■ **EXERCISE BRIEF**: Each line of the data must be given back verbatim, with pictures removed.

■ **INFORMATION SUPPLIED**:

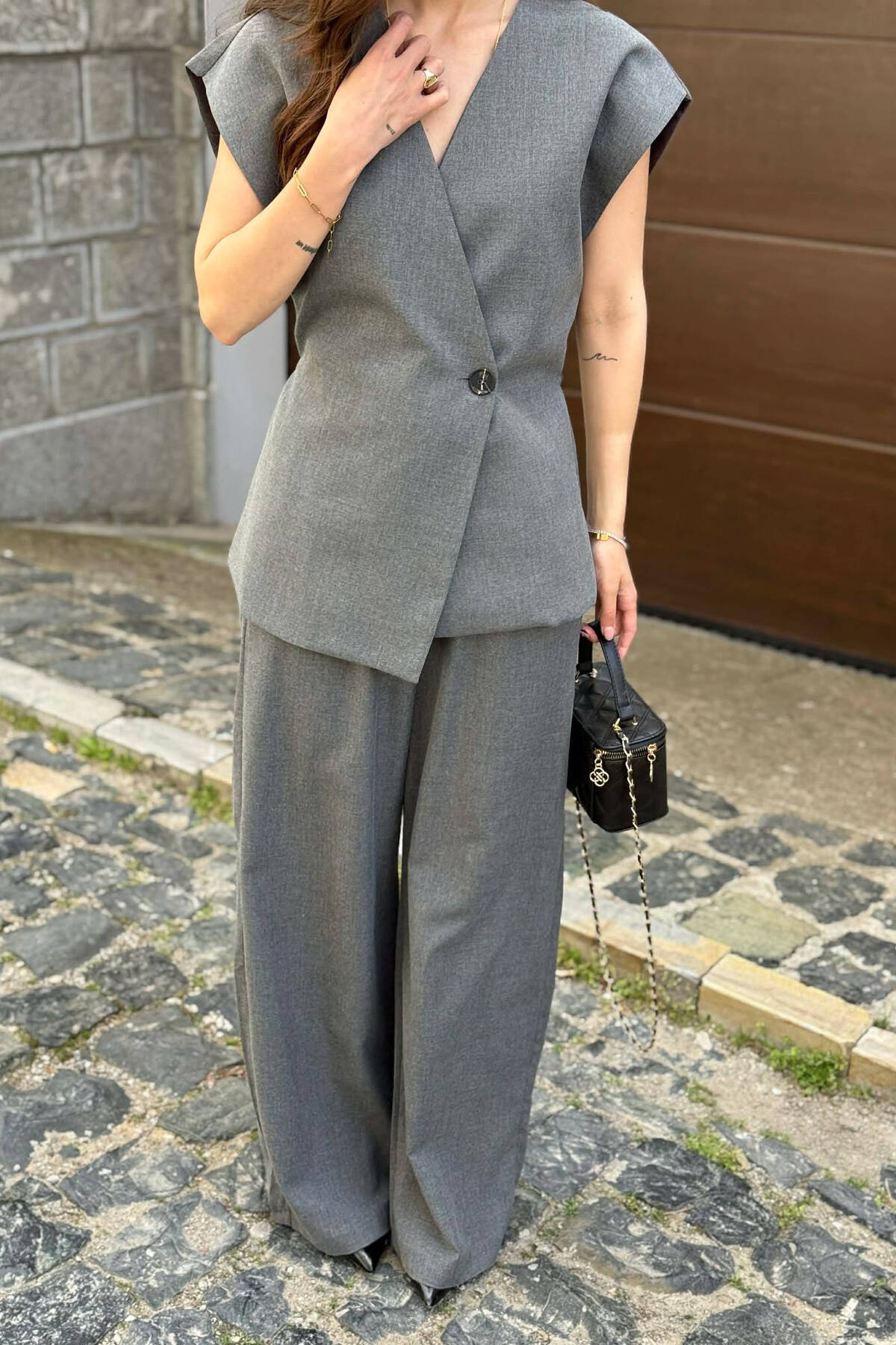 LACING DETAIL VEST +TROUSERS WOMAN SET DARK GREY/GEE
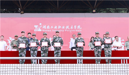 汇报表演结束之后,周梦顺宣读了《关于表彰2023级新生军训工作先进集体及先进个人的决定》,汽车工程学院、工业设计与艺术学院荣获军训先进工作单位称号,一营二连等14个连队荣获优秀连队称号,盛毅等3人荣获军训优秀教导员称号,罗啟关等20人荣获军训优秀教官称号,张平等9人荣获军训优秀跟训班主任称号,刘明耀等506名同学荣获军训优秀个人称号。校领导为获表彰的集体和个人颁奖。
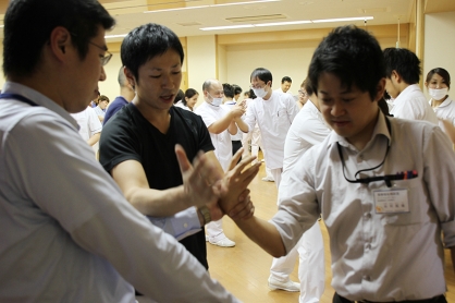 患者さんからの暴力や攻撃性を如何に防止しケアするためのプログラムで、専門の研修会を受講した施設内トレーナー(現在4名)が講師となり、どのように適切に関わるかという視点でリスクアセスメントから身体介入までを指導を行いました。受講者は2人1組で「両手で手首をつかまれた場合」「蹴られた場合」など具体的な対処手順を学習し、周囲に危険が及ばないよう防ぐ方法を学びました。
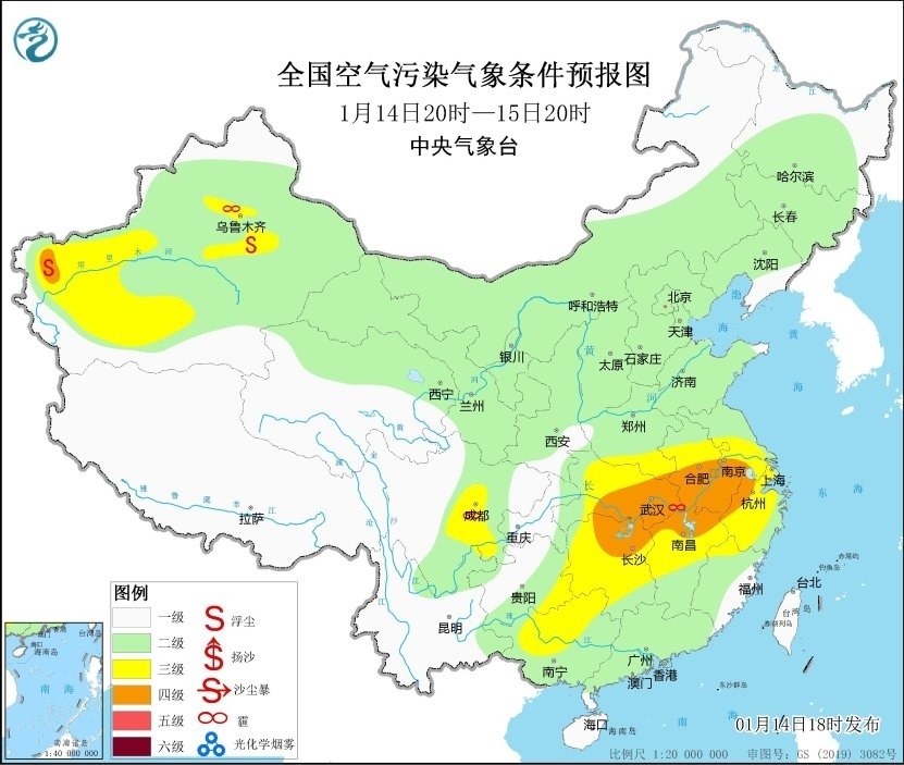 央視網(wǎng)消息:1月14日,中央氣象臺(tái)發(fā)布環(huán)境氣象公報(bào),14日夜間至15日,受上游污染物傳輸影響,江漢、江南中西部、華南西部等地先后會(huì)出現(xiàn)短時(shí)輕至中度霾。未來一周,全國其余大部地區(qū)大氣擴(kuò)散和濕清除條件總體較好。

■ **EXERCISE ANSWER**:
 LACING DETAIL VEST +TROUSERS WOMAN SET DARK GREY/GEE
 汇报表演结束之后,周梦顺宣读了《关于表彰2023级新生军训工作先进集体及先进个人的决定》,汽车工程学院、工业设计与艺术学院荣获军训先进工作单位称号,一营二连等14个连队荣获优秀连队称号,盛毅等3人荣获军训优秀教导员称号,罗啟关等20人荣获军训优秀教官称号,张平等9人荣获军训优秀跟训班主任称号,刘明耀等506名同学荣获军训优秀个人称号。校领导为获表彰的集体和个人颁奖。
 患者さんからの暴力や攻撃性を如何に防止しケアするためのプログラムで、専門の研修会を受講した施設内トレーナー(現在4名)が講師となり、どのように適切に関わるかという視点でリスクアセスメントから身体介入までを指導を行いました。受講者は2人1組で「両手で手首をつかまれた場合」「蹴られた場合」など具体的な対処手順を学習し、周囲に危険が及ばないよう防ぐ方法を学びました。
 央視網(wǎng)消息:1月14日,中央氣象臺(tái)發(fā)布環(huán)境氣象公報(bào),14日夜間至15日,受上游污染物傳輸影響,江漢、江南中西部、華南西部等地先后會(huì)出現(xiàn)短時(shí)輕至中度霾。未來一周,全國其余大部地區(qū)大氣擴(kuò)散和濕清除條件總體較好。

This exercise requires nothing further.